In personal collections, size is often a consideration when placing books around other household belongings - larger coffee table books and atlases on the bottom larger shelves, smaller volumes nestled among knickknacks and plants. Unconventionally sized books may also require their own sections or horizontal placement.

As a child, I arranged my books by height. No one told me to do it this way. It just made sense to me. This approach does not account for the varying widths of books and can look untidy if the books are pushed against the back of the bookcase. I usually solved this problem by carefully lining up the books so all the spines were even, but the slightest touch can knock this system off-balance.

Do it by width, on the other hand, and you encounter the same problem of uniformity in one direction and randomness in the other. Horizontal placement, preferable to leaning books in a position that threatens their spinal integrity, may help fill in the open space between shorter books and the shelf above them. Of course, horizontally placed books are likely to be different sizes as well, so does one make a pyramid or have stacks separated by dimension? So many decisions, and so many books.
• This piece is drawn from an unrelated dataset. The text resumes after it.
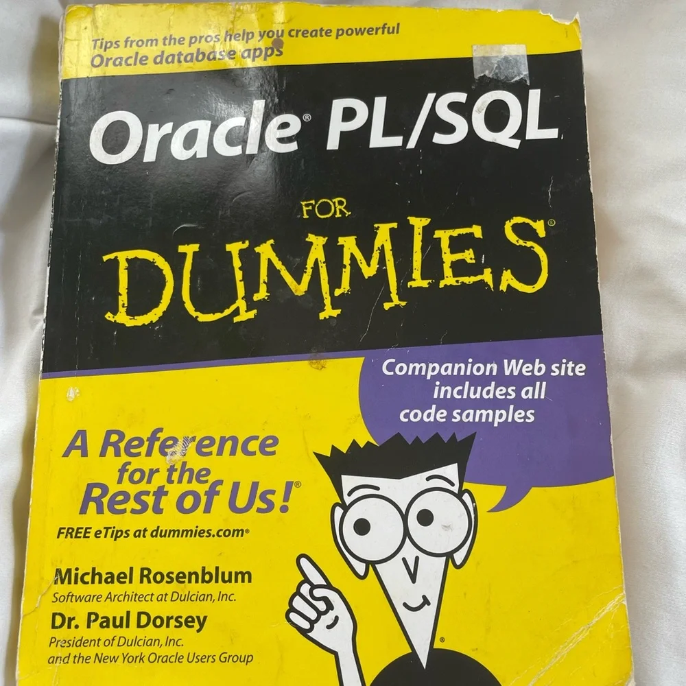 Oracle PL/SQL For Dummies. Cover has small rip at the top as shown in photo. Bottom of book is written on as shown in photo. Has a few things written or highlighted and does not affect the reading. Perfect for computer majors

A BookThink forum member paints a colorful picture of her own collection: "Personal books are more or less all over the house - art books, encyclopedias, and attractive Victorian books, plus a large collection of children's picture books in the living room, fiction in the bedroom, science fiction and geography on the stairs, WWII in the closet, Canadiana in the bookcase near the TV, travel and maps next to the music stand, children's chapter fiction in a glass-front bookcase in the kitchen, etc." At home, books suit our moods, our interests, and our stages in life. It's fitting that each book should have its own place, one that suits its special purpose.